▶ _WHAT THE TASK ASKS_:
In the output, include exactly the lines from the beginning of the records up to and including the one that contains "Описание Раздвижная система", and leave out the pictures.
BEGIN
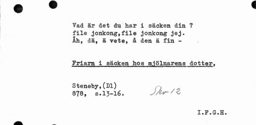 //// Vad är det du har i säcken din ? file jonkong,file jonkong jej. ih. dä. ä vete, å den ä fin - //// Friarn i säcken hos m.jSlnarens dotter, //// Steneby,(Dl) , //// 878, s.13-16. JA*-' //// X »F • G-• H# ////
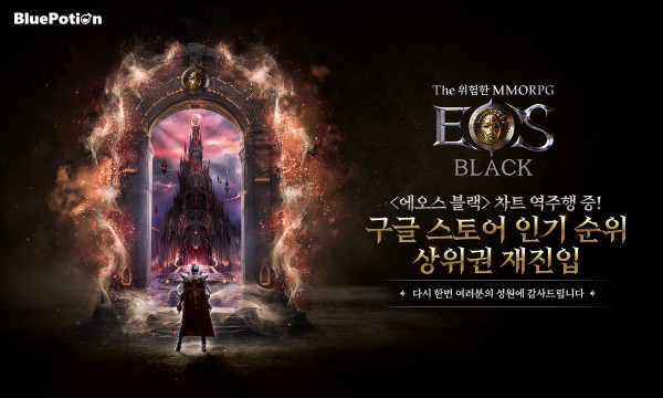 블루포션게임즈(대표 정재목, 조승진)는 자사의 최신 모바일 MMORPG <에오스 블랙>이 차트 역주행을 기록하면서 구글 플레이 스토어 인기 순위 8위 진입에 성공했다고 29일 밝혔다.
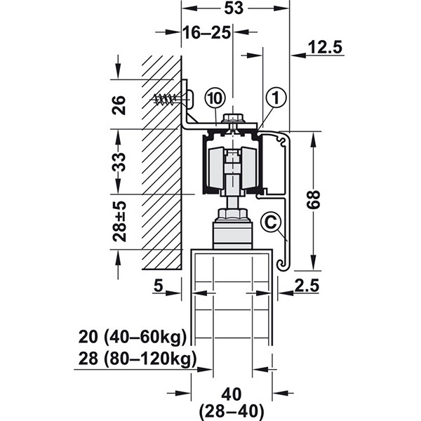 Описание Раздвижная система SLIDO Classic 120-P 2 г на 1 полотно весом до 120 кг с двусторонним амортизатором
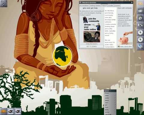 Dyne: bolic es una distribución de GNU/Linux que se ejecuta desde un CD y capaces de reconocer la mayoría de sus dispositivos y periféricos: sonido, video, TV, tarjetas de red, firewire, dispositivos USB y mucho más. Se forma en las necesidades de los activistas de los medios de comunicación, artistas y personas creativas, una herramienta práctica para la producción multimedia. Puede manipular y transmitir sonido y vídeo con herramientas para grabar, editar, codificar y corriente, todo usando software liberan!
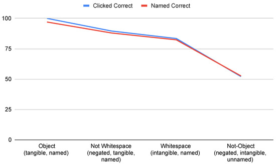 - This suggests that those who incorrectly clicked did so in error as they completed the task by naming what they clicked on correctly.
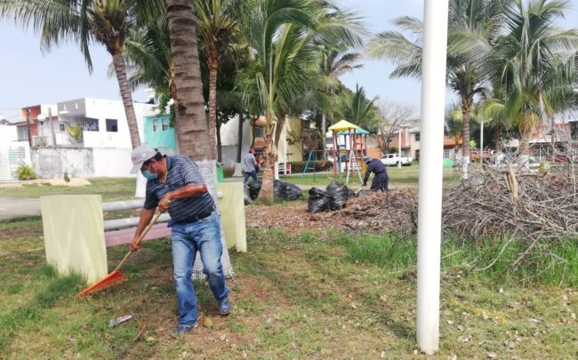 Coatzacoalcos, Ver.- De manera conjunta, personal del Gobierno Municipal y habitantes del fraccionamiento Paseo de Las Palmas, llevaron a cabo trabajos de rehabilitación en el parque deportivo ubicado en dicho asentamiento.
END
▶ _ANSWER TO THIS PROBLEM_:
 //// Vad är det du har i säcken din ? file jonkong,file jonkong jej. ih. dä. ä vete, å den ä fin - //// Friarn i säcken hos m.jSlnarens dotter, //// Steneby,(Dl) , //// 878, s.13-16. JA*-' //// X »F • G-• H# ////
 블루포션게임즈(대표 정재목, 조승진)는 자사의 최신 모바일 MMORPG <에오스 블랙>이 차트 역주행을 기록하면서 구글 플레이 스토어 인기 순위 8위 진입에 성공했다고 29일 밝혔다.
 Описание Раздвижная система SLIDO Classic 120-P 2 г на 1 полотно весом до 120 кг с двусторонним амортизатором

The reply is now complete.